Legume Research, volume 44 issue 3 (march 2021) : 353-361

Genetic Characterization and Diversity of Rhizobia Isolated from Root Nodules of Green Gram (Vigna radiata L.) found in Central Plateau of India

Margaret Stella1, Radheshyam Sharma1,*, Sushma Nema1, R.S. Ramakrishnan1, Ashish Kumar2
1Biotechnology Centre, Jawaharlal Nehru Krishi Vishwa Vidyalaya, Jabalpur-482 004, Madhya Pradesh, India.
2Seed Technology Research Unit, Jawaharlal Nehru Krishi Vishwa Vidyalaya, Jabalpur-482 004, Madhya Pradesh, India.

  • Submitted12-10-2019|

  • Accepted29-05-2020|

  • First Online 10-09-2020|

  • doi 10.18805/LR-4258

Cite article:- Stella Margaret, Sharma Radheshyam, Nema Sushma, Ramakrishnan R.S., Kumar Ashish (2020). Genetic Characterization and Diversity of Rhizobia Isolated from Root Nodules of Green Gram (Vigna radiata L.) found in Central Plateau of India . Legume Research. 44(3): 353-361. doi: 10.18805/LR-4258.

ABSTRACT

Background: Plant growth promoting rhizobia play an important in agricultural ecosystem through symbiotic association with a wide range of leguminous plants. Legume-rhizobia association is a host specific symbiosis hence the need to identify the strains and the diversity of rhizobia associated with specific type of legume for better bio-prospecting of the associated benefits. A wide range of variation is present among the distribution of rhizobia and greatly affected by geographical locality, edaphic factors and environmental variation with time and space. Molecular techniques have been developed to aid the traditional phenotypic and morpho-cultural techniques in distinguishing the different microbial genera, species and strains. The present study aimed at isolation and morpho-molecular characterization of rhizobia from root nodule of green gram cultivated in central part of India. 

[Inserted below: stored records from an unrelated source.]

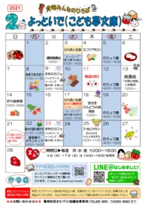 少し早いのですが、2021年2月のよっといで(こども夢文庫)カレンダーを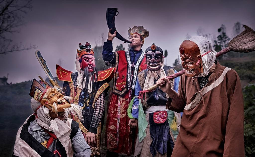 傩仪中,他通常手舞斧钺,上劈下砍,驱鬼逐疫,斩杀邪魔,气势贲张,情绪奔放,效仿盘古开天辟地之势。
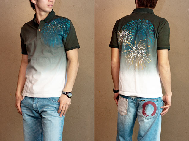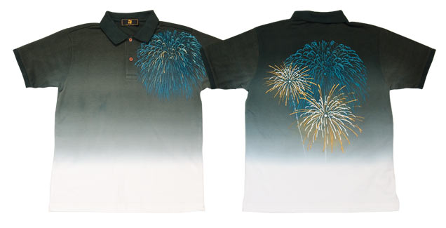 グラデーションを上手く利用したポロシャツ。夏の夜空に何発もの花火が打ち上げられた雰囲気を巧みに表現した季節感のある商品です。お祭りなどにも是非着ていきたい一枚ですね!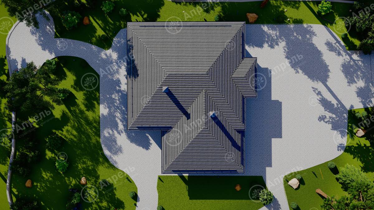 Стропильный каркас (доска сечением 200х50 мм), обрешетка (доска сечением 150х25 мм). Контробрешетка из бруска (50х50 мм). Пропитка пиломатериала огнебиозащитой. Ветро-влагозащитная мембрана Изоспан. Кровля — металлочерепица Grand Line (толщина 0,5 мм). Обшивка свесов кровли виниловыми софитами, монтаж ветровой планки.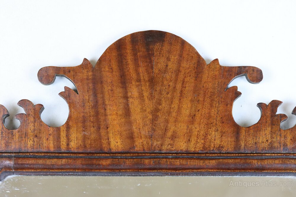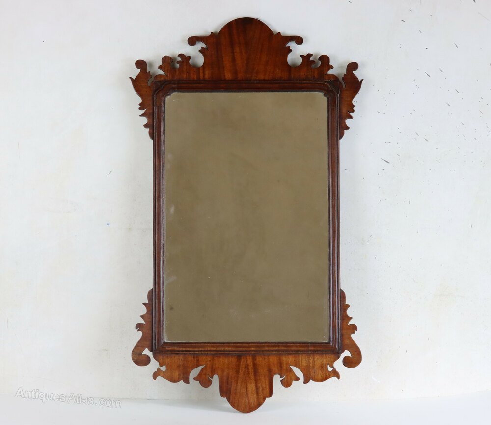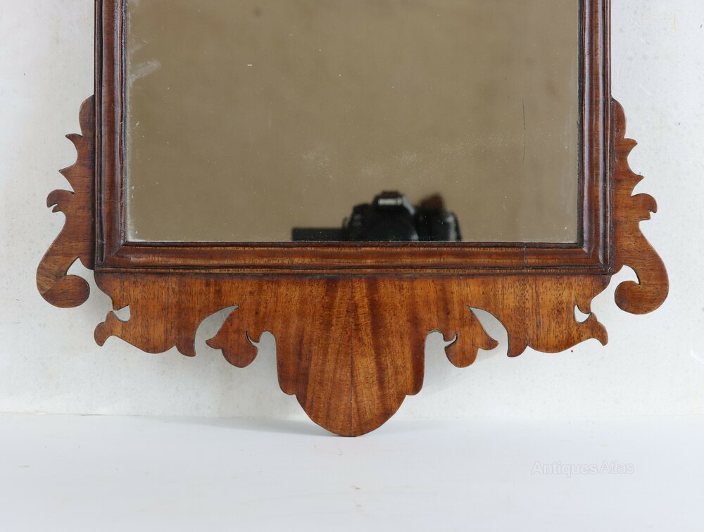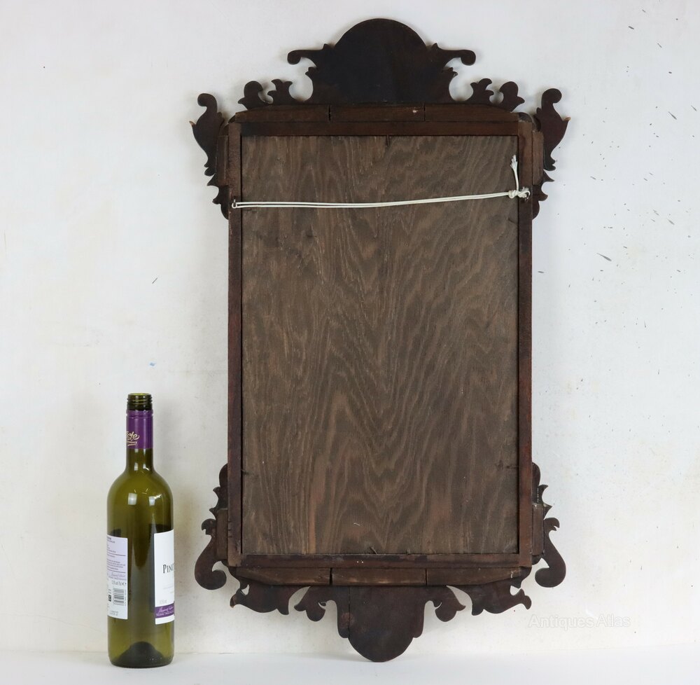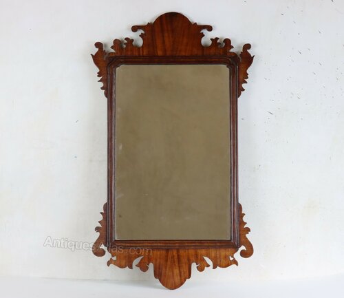An attractive 19th century Chippendale style mahogany fret cut wall mirror in good antique condition. Nice-looking book match mahogany veneers on a pine carcass framing a mirror glass which is probably later.Dimensions: height 71 x width 41 x depth 2.5 cm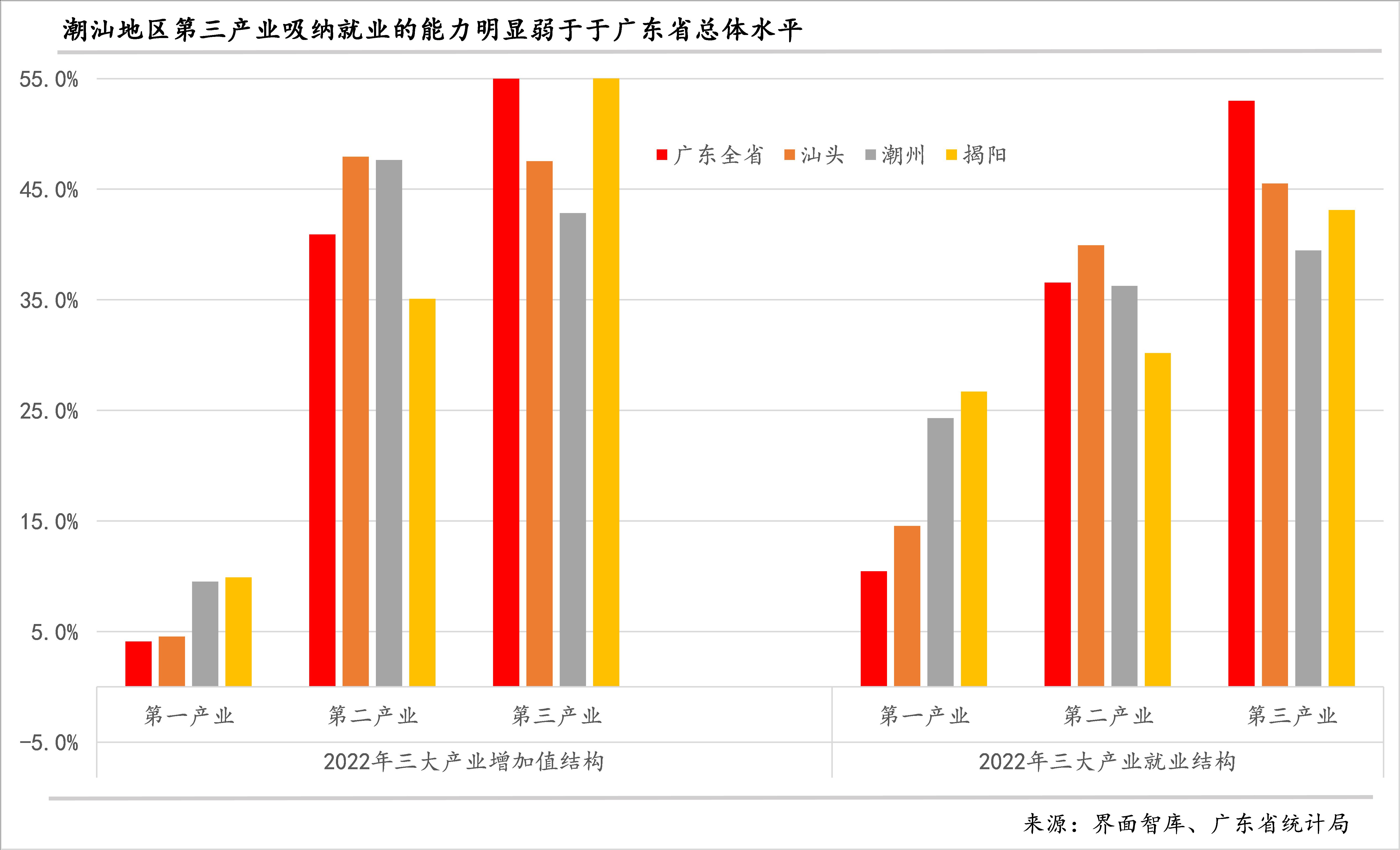 对于就业结构而言,潮汕地区则明显向乡村和第一产业倾斜。以2022年为例,汕潮揭三地乡村就业的比重虽然较2010年、2021年有所下降,但仍显著高于广东省总体水平,都高出22个百分点左右;三地在第一产业就业的占比明显高于广东总体水平,也显著高于各自第一产业增加值占比,这意味着大量富裕劳动力有待转移。与之相应的是,三地在第三产业则的就业占比均明显低于广东省总体水平,也低于第三产业增加值,尤其是揭阳第三产业吸纳就业的能力最弱,其第三产业增加值占比超过50%,但仅吸纳了43%的就业。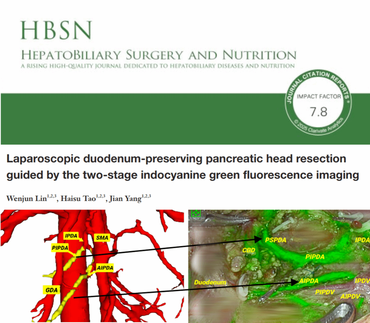 相关成果发表于外科学顶级期刊《Hepatobiliary Surgery and Nutrition》上,为微创胰腺保功能手术的精准执行再添“珠江数智方案”。杨剑为唯一通讯作者,林文俊为第一作者。

Methods: In the field-laboratory investigation during 2018-2019, various locations of central India with contrasting agro climatic conditions were surveyed and rhizobia trapping done. A total of 40 rhizobia were retrieved from nodules of green gram and characterized in laboratory based on morphological, biochemical and molecular techniques and results validated for taxonomic identification. 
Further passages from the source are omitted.